Zuckerberg keeps trying to rewrite history

On Thursday, Zuckerberg went off the script. In a talk at Georgetown university, the CEO was described as defiantand repeatedly tried to hammer home a single point: Facebook doesn't want to police free speech.

That is, of course, when money and politics are involved. I wrote a few days ago about how Zuckerberg and his team had decided arbitrarily that misinformation was totally at home on Facebook, provided you were paying money to run it as an advertisement, which was opaquely spineless: the company doesn't really care about the truth, provided it's making a buck.

“I’m here today because I believe we must continue to stand for free expression,” he said, forgetting that free expression isn't the same as spreading false information, a practice that's banned on the platform generally. 

The too long, didn't read of the speech: free speech is good, but we'll take things down when and how we want, with rules that arbitrarily change and you won't know about because community is good. A dubious, televised speech from someone that wasn't elected and is arguably more powerful than any single leader, who can't be removed from power feels like free speech! 

The content of the speech couldn't have been more juxtapositioned by irony, with the Facebook stream largely showing positive emoji and comments...because the algorithm was opaquely tuned to only weight toward those.

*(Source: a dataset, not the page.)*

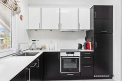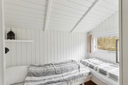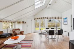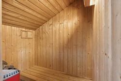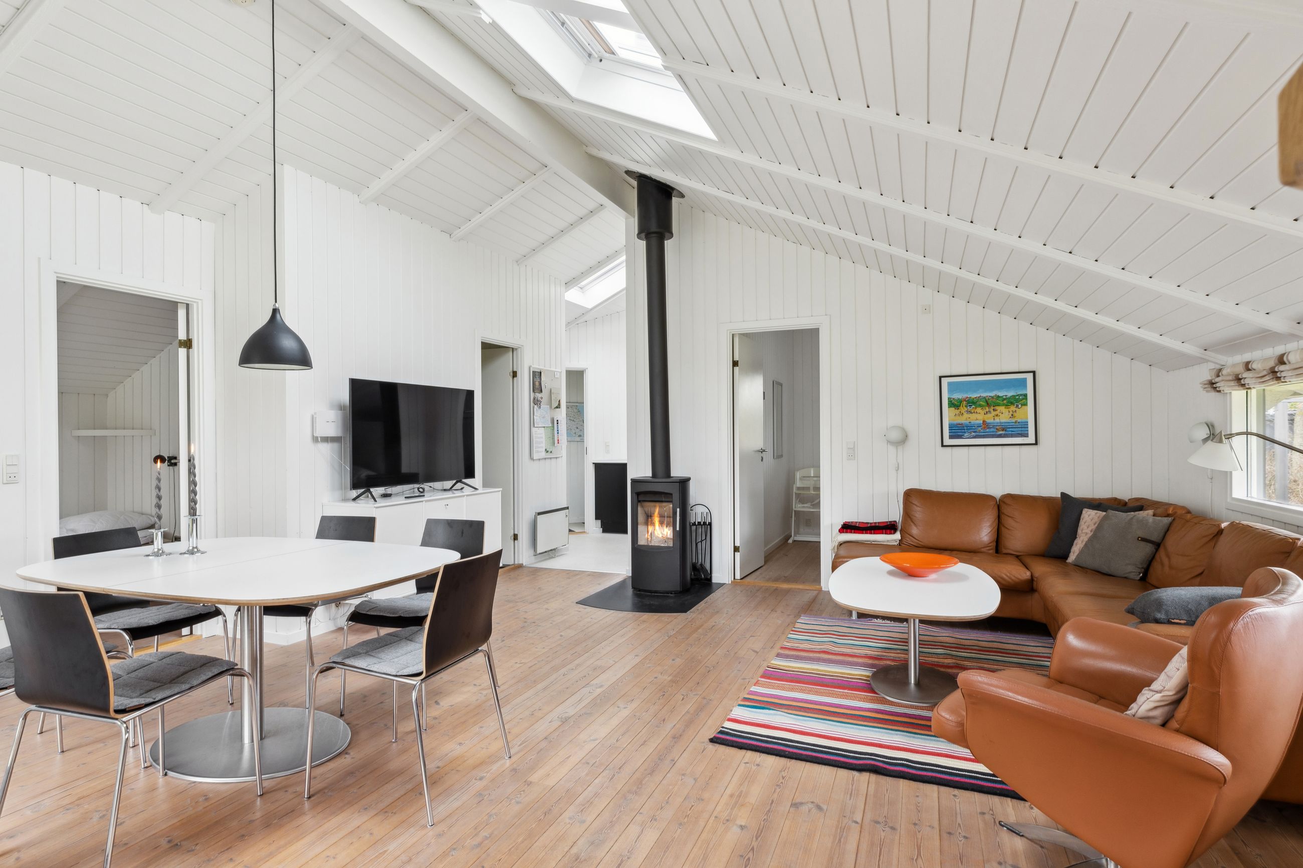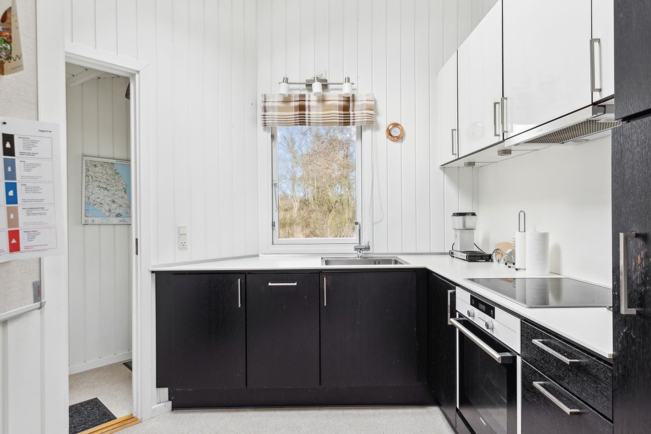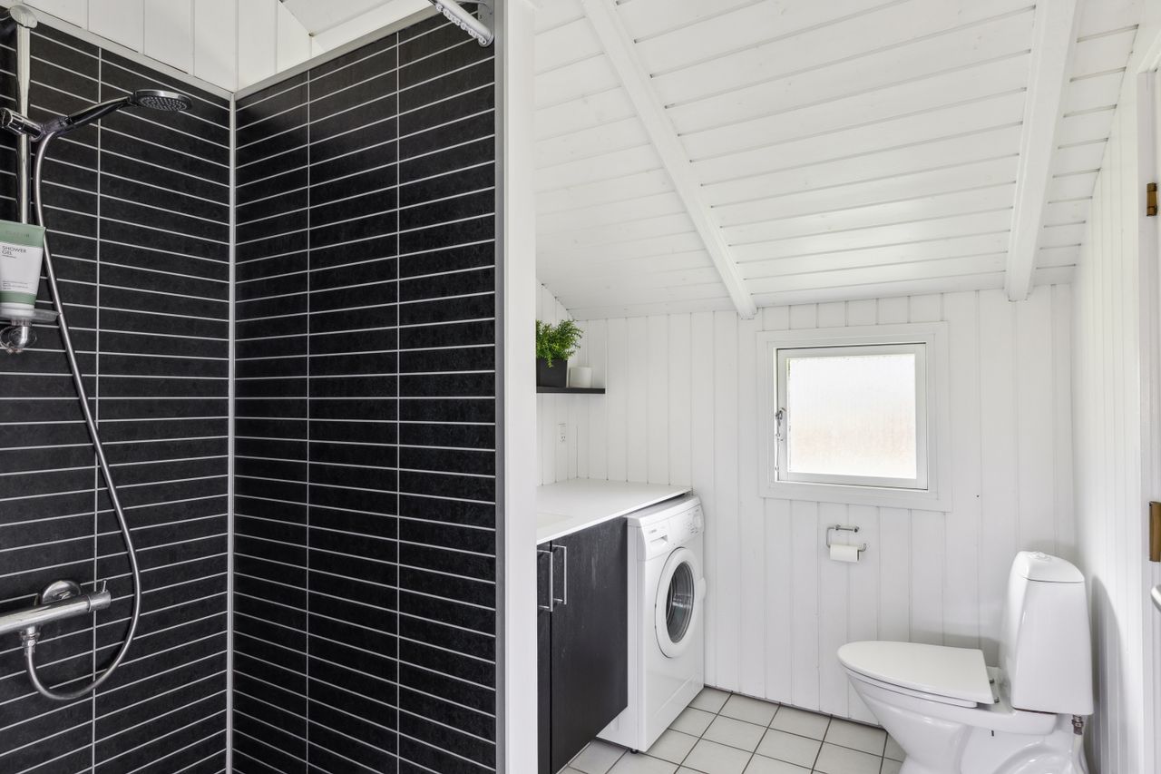 Ved ankomst til sommerhuset bliver du budt velkommen i en lys entré, der leder dig videre ind i husets hjerte – et stort, lyst og rummeligt køkken-alrum og stue i ét. Her er loft til kip, ovenlysvinduer og store vinduespartier, der lader lyset strømme ind og skaber en indbydende atmosfære. Køkkenet er stilrent og placeret i en let vinkel, hvilket gør, at det naturligt smelter sammen med opholdsrummet uden at forstyrre den åbne og rummelige stue. Der er god plads til både madlavning, spiseafdeling og hyggelige stunder med familien. Fra stuen er der direkte udgang til en skøn, delvist overdækket terrasse og den hyggelige have. Sommerhuset rummer desuden tre gode værelser, som alle ligger separat for at sikre privatliv – perfekt til familien eller gæster. Badeværelset er tidløst med bruseniche og mulighed for vaskefaciliteter. Som en ekstra luksus har huset en sauna, hvor du kan nyde velvære efter en lang dag i naturen.

Free speech! 

Zuckerberg usually doesn't have a stance, and his public speeches are generally edited down by PR people ahead of time. This time around, he reportedly wrote the speech himself, refusing to show any editors ahead of giving it, because he wanted to make a personal point and attempt to reposition Facebook as the good guy, politically speaking.

What really irked me, and many other commentators, however was that the speech was also used as an attempt to rewrite the company's history, again. 

Zuckerberg has a knack for this, trying to position the origin story away from the hot or not app it was originally born from, now pushing it toward trying to unify people's diverse opinions, a thing he suggests could have helped prevent the Iraq war, if only Facebook had existed.

Perhaps it's the Friday night beer I've already had talking, but maybe Zuckerberg should stop focusing on trying to look like the good guy constantly, and actually do something not shit instead? The company, and CEO, are obsessed with being in the right right in the history books, rather than actually doing the right thing.

And that reality distortion, as we're seeing repeatedly, is probably more dangerous than anything else.